Наташка все время шутила: «Это он от счастья, от любви вусмерть».
Дошутилась, выгнала Вовчика. И мать-то у нее, Тонька-то, забомжевала. Грит, видели в Семипалатинске, на вокзале. Что дома-то? Скажи. Я рази чужая?!
– Отстань, мамулька! Не хочу пока…
– Сынок, а ведь ты к Наташке сватался, – открыла Америку мать, – вот бы попал в ощип.
Она подозревала, видела: сын на этот раз домой приехал не только ради нее.
– Ты сходит, сходи! Это где, в каком государстве, по нескольку жен держат?
Мать сжала губы. Иван такую ее не любил.
«Куп-бала, еще ковшичка два», – мелькнула в памяти присказка. Тогда у бочки он ее повторял. «Куп-бала». И она вся искрится и смеется, облепленная бесстыдным ситчиком. Год прошел. После дембеля, казалось, любую птичку поймаешь, любую ягоду съешь. Захоти – и уже эта виноградина за щекой. Жуй, косточку выплевывай. Фуражка дембельская на столе дыбилась. Захочет, в охапку ее и – по плечу хлопнет: «Хватит, покомандовал, поел мамку!»
Но отец уютный. «Жуй, – говорит, – все, что на столе. Не встанешь, пока все не ухайдокаешь! Эко у тебя ребра видны. Жениться будем?»
– Да я дальше поучусь…
– Брось, подождет!
– Давай жахнем?!
Выпили. Отец размял плоскую «Приму»:
– Сказывают, в армии в компот сыпят, чтобы не тянуло?
– А меня и не тянуло.
В почти трезвых глазах отца сияло торжество:
– Ладно-ладно! – Он снисходительно похлопал по плечу. – Счас еще чекалдыкнем и двинем.

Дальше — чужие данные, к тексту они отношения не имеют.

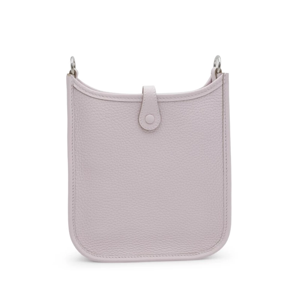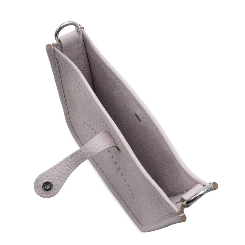 This Hermès Mauve Pâle Clémence Mini Evelyne II TPM 16 with Palladium Hardware is a soft and elegant crossbody bag in a delicate muted lavender shade. The supple Clémence leather enhances its gentle sophistication, while the palladium hardware provides a sleek and contemporary touch. The perforated “H” logo and petite size make it an effortlessly stylish choice.

Когда водка была хорошей, то отец крякал, как дрова колол:
– Крепка совецка власть!
Плохо шло – брызгался зельем:
– Как ее коммунисты пьют?!
– Крепка совецка власть! – Он занюхал корочкой хлеба и стал давать инструкцию, как старшина перед караулом:
– Это, конечно, бутылку мы с собой, да в магазин зайдем, конфеток каких-нибудь, пыль в глаза… Наше дело не рожать. А ты, само собой, пообещай, а там тю-тю в свою, как ты говоришь, аспирантуру. В лицо, в лицо мне гляди серьезно. Мы их, этих баб, косой-литовкой брили.
– Значит, воспользоваться и – в кусты? – Иван будто не понял, что ему советует отец.
– А что же ты хотел – детские ссаки нюхать по молодости лет?
– Нет, я так не могу. А кого сватать-то?
– Кого-кого? Будто ты не знаешь?
Иван пошел туда как связанный. Он, разумеется, хотел увидеть Наташу. Но не так грубо, цинично, подло. Он шел, думал, что все образуется, что он сам смягчит и обезопасит донжуанскую идею. Наташины родители как ждали. На стол новую льняную скатерть кинули. Выпили-закусили. Пришла Наташа, села и восхищенно, это чувствовалось, взглянула на Ивана.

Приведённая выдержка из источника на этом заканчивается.